Procedures

Intended audience: Anyone who is administering Data Transfer Monitoring.

Deployment

Deployment is through a Makefile in the code repository.

Maintenance

Backup

No backups needed as the application does not store state.

Cold Startup

No specific cold startup procedures needed.

Cold Shutdown

No specific cold shutdown procedures needed.

Reproduce Service

Deploy another instance.

Calculate File Counts

Do not rely on File Notifications for accurate file counts since resent file generates duplicate file notifications for the same file. Run a recursive word count for the directory. Example below.

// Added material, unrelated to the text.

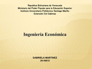 El documento es un registro de una estudiante de la República Bolivariana de Venezuela en el Instituto Universitario Politécnico Santiago Mariño en la ciudad de Col Cabimas. La estudiante se llama Gabriela Martínez y su número de identificación es 26149818. Está estudiando Ingeniería Económica.

mc ls -r rubin-summit/rubin-summit/LSSTCam/20250921 | wc

Review End Readout and File Transfer Logs

Logs for End Readout messages and Summit to USDF Transfer time are in the logs. This can be manually reviewed to validate transfer times. The End to End Dashboard Logs provides a filter variable. Enter the Date and Sequence number in in YYYYMMDD_000<sequence number > format. An example is format is 20251120_000122

The output below is an example.

INFO:listeners.end_readout:end readout message: EndReadoutModel(private_sndStamp=1764038140.1819582, private_rcvStamp=0.0, private_efdStamp=1764038103.1819582, private_kafkaStamp=1764038140.1819582, private_seqNum=174564, private_revCode='834c6ef5', private_identity='ocs-bridge', private_origin=309651235, additional_keys='imageType:groupId:testType:stutterRows:stutterNShifts:stutterDelay:reason:program', additional_values='OBJECT:2025-11-25T02\\:34\\:56.976:OBJECT:0:0:0.0:FixedChaosMonkeyTest:BLOCK-T644', images_in_sequence=1, image_name='MC_O_20251124_000100', image_index=1, image_source='MC', image_controller='O', image_date='20251124', image_number=100, timestamp_acquisition_start=1764038100.6716127, requested_exposure_time=30.0, timestamp_end_of_readout=1764038140.1770334)
INFO:shared.metrics.s3_metrics:MC_O_20251124_000100 Summit to USDF transfer time: 4.31 seconds
INFO:shared.metrics.s3_metrics:MC_O_20251124_000100 end readout timestamp: 2025-11-25 02:35:03.177033+00:00
INFO:shared.metrics.s3_metrics:MC_O_20251124_000100 newest S3 file timestamp: 2025-11-25 02:35:07.491000+00:00
INFO:shared.s3_client:found LSSTCam/20251124/MC_O_20251124_000100/MC_O_20251124_000100_expectedSensors.json expected sensors file

Using Data Transfer Monitoring Metrics in Queries and Dashboards

The day label was added to Prometheus metrics for filtering metrics by observation day. To filter metrics use the day label with the day in YYYY-MM-DD format. An example query is dtm_file_messages_received_total{day="2025-11-22"}

Enable Debug Logs

To enable debug log change the DEBUG_LOGS environment label from false to true.

Changing Late File Time Parameter

The MAX_FILE_LATE_TIME value defines what threshold late files are identified. Change this value in the Data Transfer Monitoring Kubernetes deployment manifest for a different threshold.